Ce serait un thème de discussion mais je veux en rester à ce que jai écrit, que les conseils ouvriers étaient sans doute obsolètes. Je visais dans ce propos le point que tu développes, bien que ce soit les travailleurs qui trouveront dans leur lutte même de nouvelles formes de cette lutte, qui seront en même temps les organes à travers lesquels s’édifiera une société communiste.

D’une part, les travailleurs sont maintenus dans une stricte observance des conditions de leur exploitation. C’est la source de la production de valeur sans laquelle le capitalisme ne peut vivre. Quelle que soit la manière et la forme par laquelle cette forme d’organisation capitaliste se modifie ou est éliminée, il ne saurait y avoir d’ouverture vers une société communiste tant qu’une telle production de valeur existe sous une forme ou sous une autre d’exploitation du travail.

Ces structures du capitalisme ont considérablement évolué en moins d’un siècle et ce qui pouvait être concevable autour de la première guerre mondiale comme approche d’une transformation sociale autour de la notion de conseils ouvriers doit être examiné, tout comme les projets divers d’une société basée sur les conseils ouvriers (ceux de Pannekoek, de Castoriadis, des situationnistes, en particulier).

Ce qui pouvait être concevable dans une unité de production englobant la totalité d’un processus de production depuis la production, le traitement des matières premières et même l’ensemble des moyens techniques de production – ce qui générait l’idée de conseil ouvrier – est beaucoup plus difficile à cerner aujourd’hui. L’autogestion, forme bâtarde du conseil ouvrier, pouvait être envisagée dans une telle unité (et différentes tentatives historiques peuvent le confirmer : coopératives, kibboutz, etc.). Elle n’apparaît plus aujourd’hui que dans de petites unités œuvrant sur un plan local. Les tentatives ou projets récents de créations d’unités autogérées au-delà de ces exemples locaux se sont heurtés à des barrières tenant précisément à la structure de l’organisation présente du capitalisme.

Cette organisation est telle que chaque unité est si spécialisée et intégrée dans une chaîne mondiale d’un procès défini de production dépendant d’une multinationale que, quelle que soit la forme d’organisation de cette unité, elle est étroitement dépendante comme maillon de cette chaîne des impératifs économiques d’un maître d’œuvre. Et adieu l’autogestion.

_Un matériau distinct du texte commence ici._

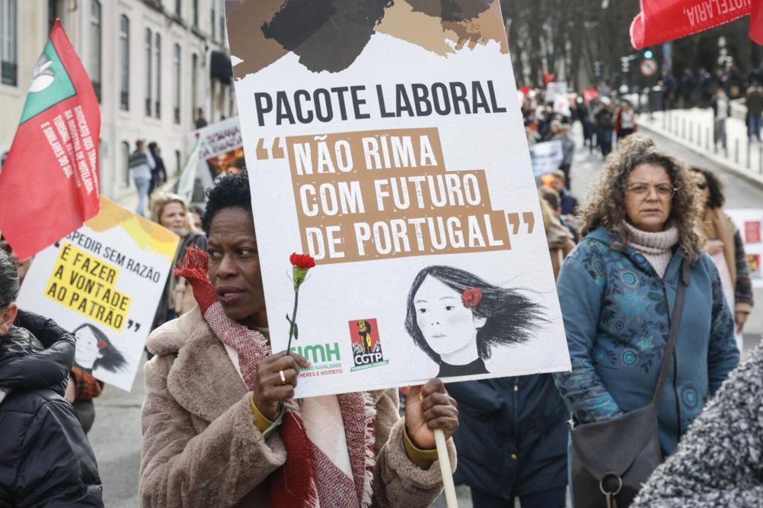 "Igualdade salarial é urgente em Portugal", foi um dos 'slogans' escutados ao longo da marcha, em que muitos manifestantes empunhavam cravos vermelhos.

Et quid des conseils ouvriers qui devraient d’emblée dépasser la structure qui leur aurait donné naissance pour une sorte de redéfinition globale de l’activité humaine pour satisfaire la totalité des besoins, à commencer par les plus élémentaires ?

Il serait bien hasardeux, absurde même, de tenter de donner une réponse précise sur la manière dont une société communiste se construirait et même ce qu’elle serait, en dehors de généralités et des grandes lignes que tu traces toi-même (« Laissons le prolétariat trancher de lui-même »). Pour reprendre le texte de Pannekoek sur le fétichisme de la forme, c’était le sens de ma critique.

H. S.

18 avril 2013

Suite : Une discussion sur les conseils ouvriers (2)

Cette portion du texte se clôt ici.